◆ **REQUIREMENT**: The answer is the exact run of lines in the listing below from the line containing "CUSTOM PORTRAIT OF" up to and including the line containing "Из геометрического центра", with pictures removed.

-------- INFORMATION --------

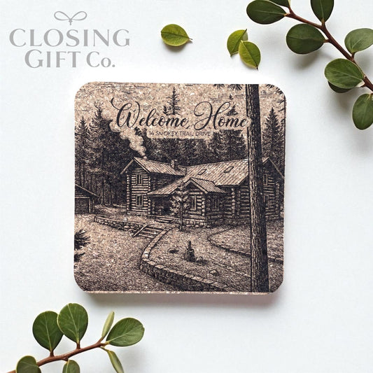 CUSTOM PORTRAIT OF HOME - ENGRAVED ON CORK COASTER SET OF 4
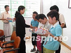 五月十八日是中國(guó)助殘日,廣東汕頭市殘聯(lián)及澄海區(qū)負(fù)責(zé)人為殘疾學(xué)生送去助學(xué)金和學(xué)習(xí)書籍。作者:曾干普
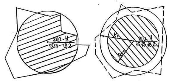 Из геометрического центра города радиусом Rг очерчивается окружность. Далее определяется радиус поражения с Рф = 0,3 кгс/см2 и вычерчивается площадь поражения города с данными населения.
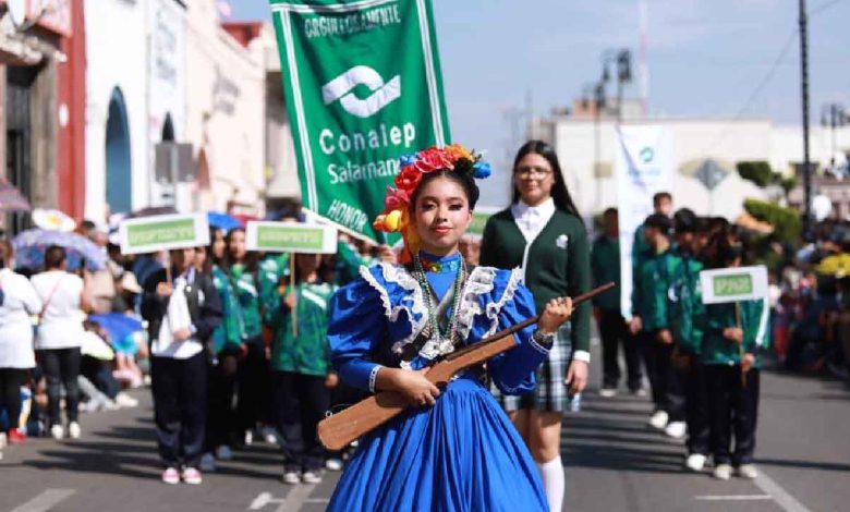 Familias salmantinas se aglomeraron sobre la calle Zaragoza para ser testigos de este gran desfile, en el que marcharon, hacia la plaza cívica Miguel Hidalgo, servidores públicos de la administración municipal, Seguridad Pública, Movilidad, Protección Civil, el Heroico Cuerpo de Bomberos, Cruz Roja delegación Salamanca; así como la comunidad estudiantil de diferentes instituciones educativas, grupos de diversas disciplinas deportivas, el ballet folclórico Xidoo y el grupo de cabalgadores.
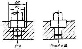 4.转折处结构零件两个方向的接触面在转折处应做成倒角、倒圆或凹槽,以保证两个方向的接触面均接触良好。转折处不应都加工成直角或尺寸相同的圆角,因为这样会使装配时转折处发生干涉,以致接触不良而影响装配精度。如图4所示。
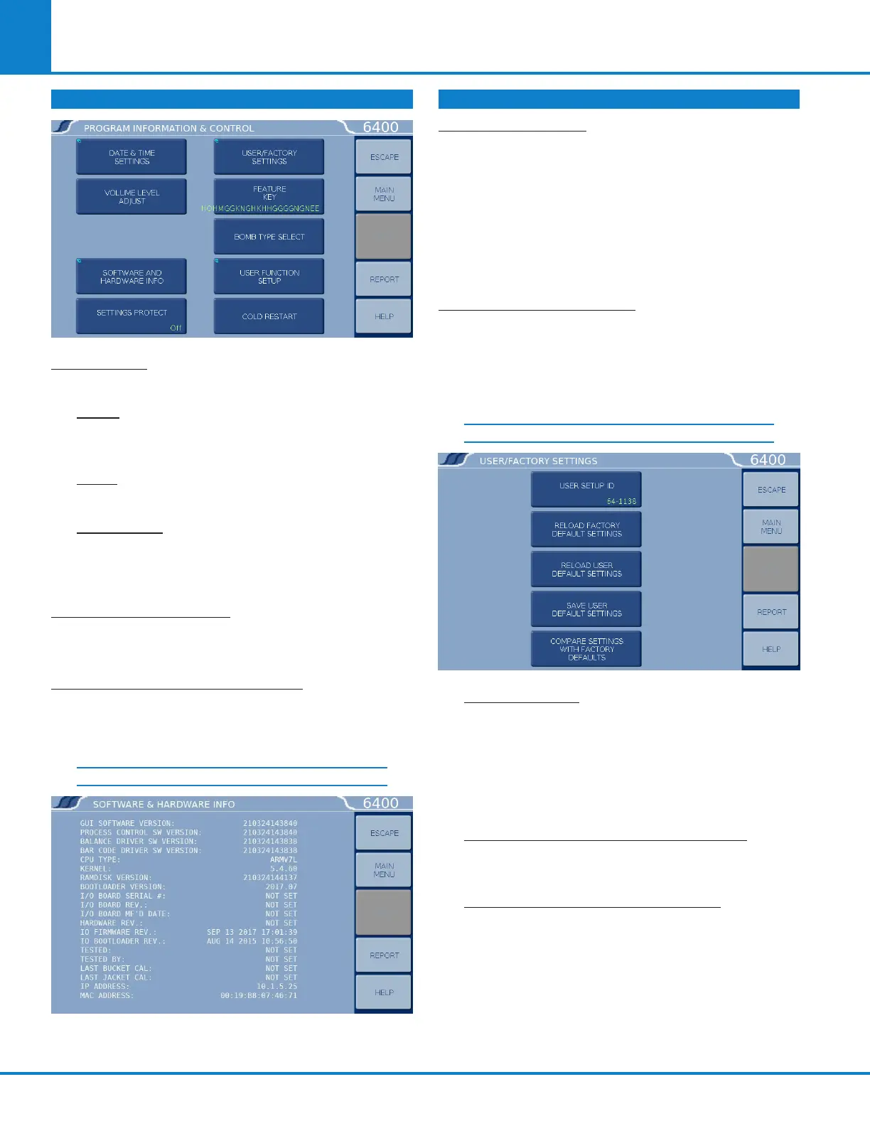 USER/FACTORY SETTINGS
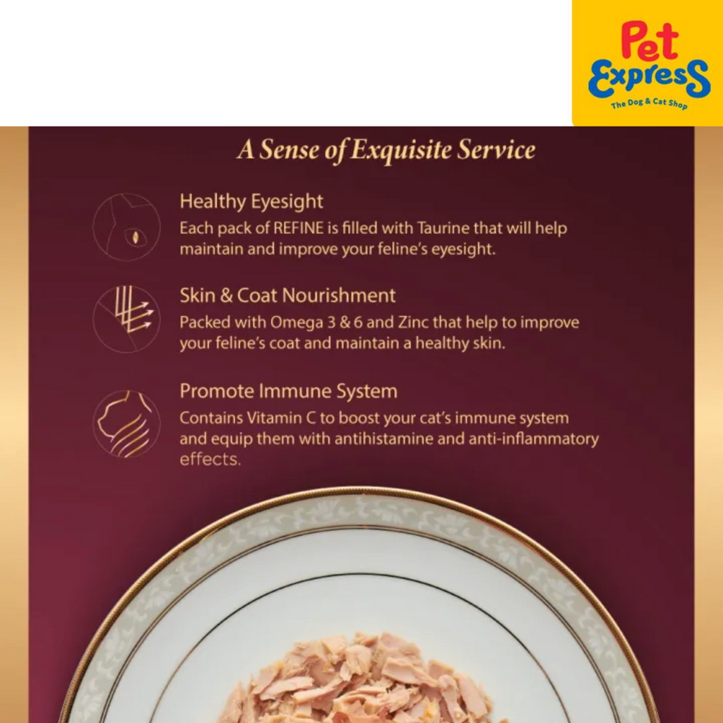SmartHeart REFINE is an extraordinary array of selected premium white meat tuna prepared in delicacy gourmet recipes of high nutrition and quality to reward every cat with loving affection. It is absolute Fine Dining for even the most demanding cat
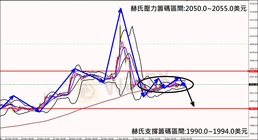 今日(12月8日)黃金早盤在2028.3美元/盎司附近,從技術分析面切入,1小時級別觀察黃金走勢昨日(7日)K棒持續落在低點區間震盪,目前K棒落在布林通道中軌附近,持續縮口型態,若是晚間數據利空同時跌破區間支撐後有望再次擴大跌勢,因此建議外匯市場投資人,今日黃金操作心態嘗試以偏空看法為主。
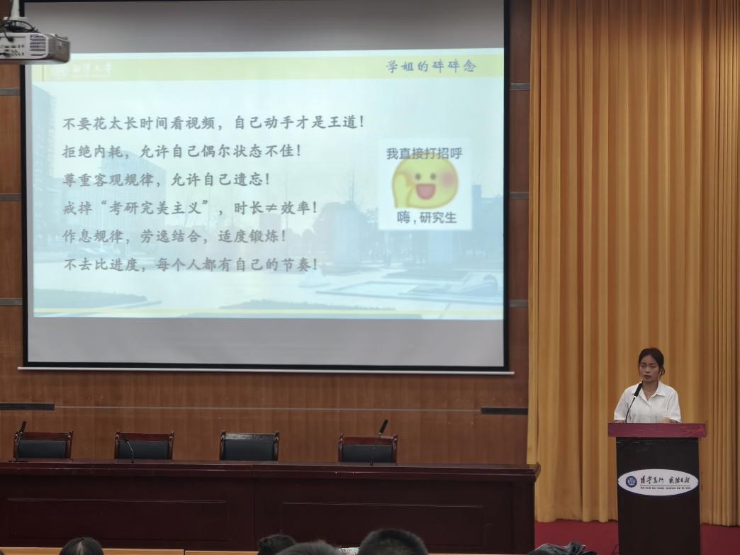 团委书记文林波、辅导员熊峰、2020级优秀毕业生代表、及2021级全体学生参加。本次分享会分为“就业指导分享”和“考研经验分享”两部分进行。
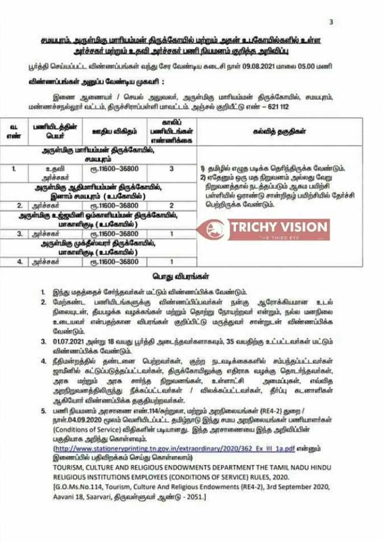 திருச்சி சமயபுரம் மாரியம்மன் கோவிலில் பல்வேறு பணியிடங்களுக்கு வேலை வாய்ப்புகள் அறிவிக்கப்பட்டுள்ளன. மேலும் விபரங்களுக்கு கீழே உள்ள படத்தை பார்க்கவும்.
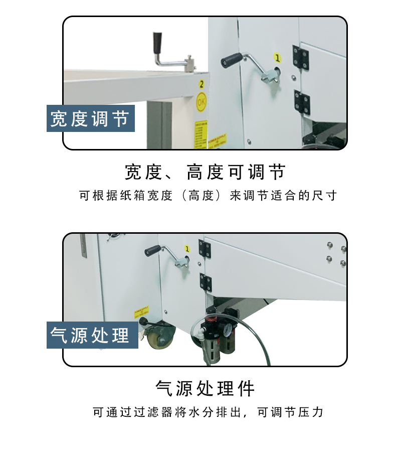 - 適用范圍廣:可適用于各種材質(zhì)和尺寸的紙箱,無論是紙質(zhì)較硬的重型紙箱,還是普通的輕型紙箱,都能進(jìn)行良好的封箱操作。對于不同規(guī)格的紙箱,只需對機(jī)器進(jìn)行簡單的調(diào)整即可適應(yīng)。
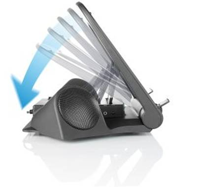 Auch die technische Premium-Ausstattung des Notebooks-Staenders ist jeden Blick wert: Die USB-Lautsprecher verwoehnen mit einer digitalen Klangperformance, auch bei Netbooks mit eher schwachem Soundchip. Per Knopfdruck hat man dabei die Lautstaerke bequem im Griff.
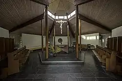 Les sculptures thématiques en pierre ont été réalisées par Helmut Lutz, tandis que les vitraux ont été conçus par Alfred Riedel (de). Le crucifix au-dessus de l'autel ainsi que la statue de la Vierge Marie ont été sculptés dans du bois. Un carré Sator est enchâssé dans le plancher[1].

--------
-------- INFORMATION --------

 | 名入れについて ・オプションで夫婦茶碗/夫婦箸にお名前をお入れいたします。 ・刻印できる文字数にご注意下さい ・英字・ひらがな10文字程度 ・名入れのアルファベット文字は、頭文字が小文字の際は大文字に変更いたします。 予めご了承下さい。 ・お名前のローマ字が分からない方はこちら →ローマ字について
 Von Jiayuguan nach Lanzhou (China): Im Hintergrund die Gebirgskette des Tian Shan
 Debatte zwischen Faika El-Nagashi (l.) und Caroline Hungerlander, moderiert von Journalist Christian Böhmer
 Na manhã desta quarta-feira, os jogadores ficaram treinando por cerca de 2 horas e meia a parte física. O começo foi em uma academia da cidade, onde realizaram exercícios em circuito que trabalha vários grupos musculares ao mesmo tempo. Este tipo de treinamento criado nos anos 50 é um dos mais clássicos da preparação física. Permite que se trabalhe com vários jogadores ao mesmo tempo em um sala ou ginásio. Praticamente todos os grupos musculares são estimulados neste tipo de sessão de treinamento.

--------

◆ **TASK RESULT**:
 CUSTOM PORTRAIT OF HOME - ENGRAVED ON CORK COASTER SET OF 4
 五月十八日是中國(guó)助殘日,廣東汕頭市殘聯(lián)及澄海區(qū)負(fù)責(zé)人為殘疾學(xué)生送去助學(xué)金和學(xué)習(xí)書籍。作者:曾干普
 Из геометрического центра города радиусом Rг очерчивается окружность. Далее определяется радиус поражения с Рф = 0,3 кгс/см2 и вычерчивается площадь поражения города с данными населения.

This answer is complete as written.